━━ Information provided ━━

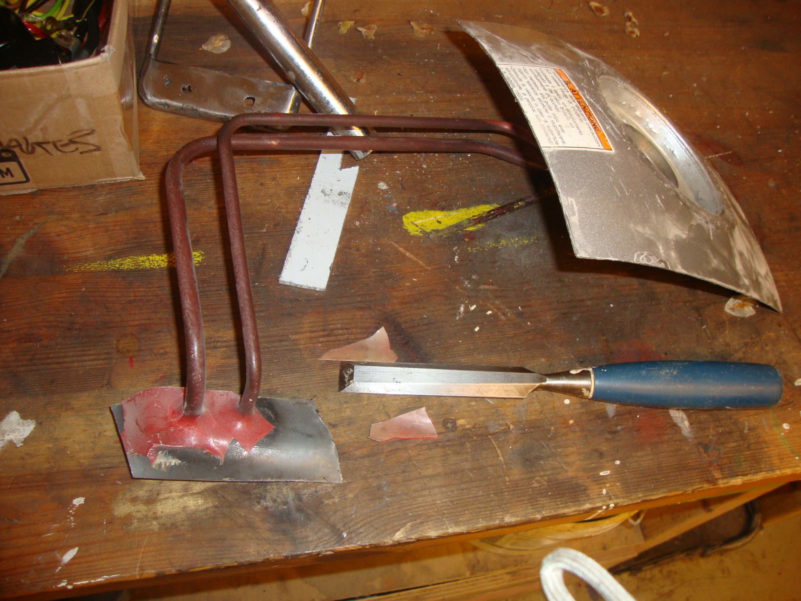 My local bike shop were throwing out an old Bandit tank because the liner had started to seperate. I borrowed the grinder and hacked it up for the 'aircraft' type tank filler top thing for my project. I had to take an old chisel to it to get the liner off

━━━
━━ Information provided ━━

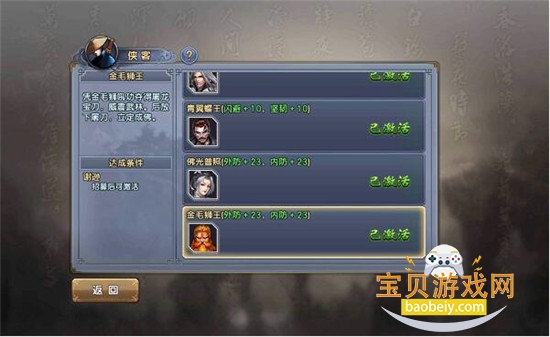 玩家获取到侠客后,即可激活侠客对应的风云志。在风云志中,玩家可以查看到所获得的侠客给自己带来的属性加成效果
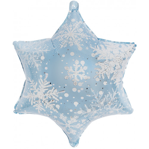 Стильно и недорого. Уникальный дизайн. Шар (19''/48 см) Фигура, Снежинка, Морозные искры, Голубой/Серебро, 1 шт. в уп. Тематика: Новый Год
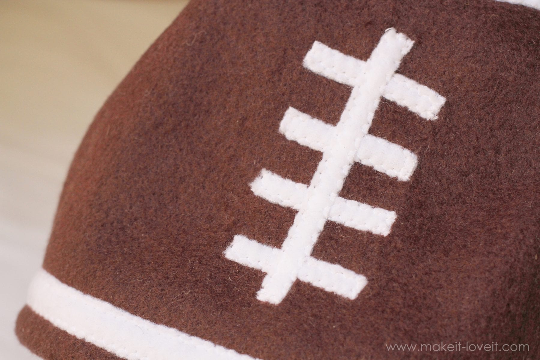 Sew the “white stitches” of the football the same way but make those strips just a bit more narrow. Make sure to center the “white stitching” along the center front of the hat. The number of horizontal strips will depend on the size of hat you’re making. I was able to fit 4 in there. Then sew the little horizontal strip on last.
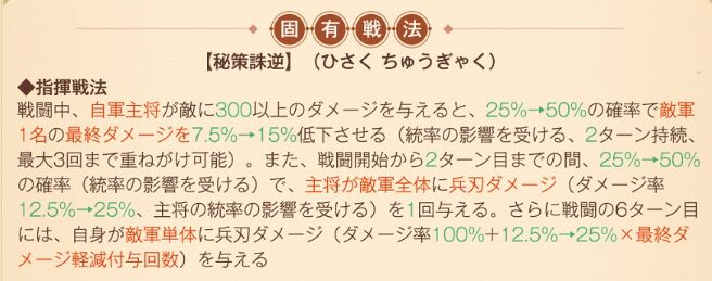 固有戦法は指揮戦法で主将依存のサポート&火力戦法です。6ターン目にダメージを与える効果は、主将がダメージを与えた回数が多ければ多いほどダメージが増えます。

━━━

**Problem to work on**
Write out the lines above from the one with "玩家获取到侠客后,即可激活侠" through the one with "固有戦法は指揮戦法で主将依存", ends included, exactly; no picture goes in.

**Problem solution**
 玩家获取到侠客后,即可激活侠客对应的风云志。在风云志中,玩家可以查看到所获得的侠客给自己带来的属性加成效果
 Стильно и недорого. Уникальный дизайн. Шар (19''/48 см) Фигура, Снежинка, Морозные искры, Голубой/Серебро, 1 шт. в уп. Тематика: Новый Год
 Sew the “white stitches” of the football the same way but make those strips just a bit more narrow. Make sure to center the “white stitching” along the center front of the hat. The number of horizontal strips will depend on the size of hat you’re making. I was able to fit 4 in there. Then sew the little horizontal strip on last.
 固有戦法は指揮戦法で主将依存のサポート&火力戦法です。6ターン目にダメージを与える効果は、主将がダメージを与えた回数が多ければ多いほどダメージが増えます。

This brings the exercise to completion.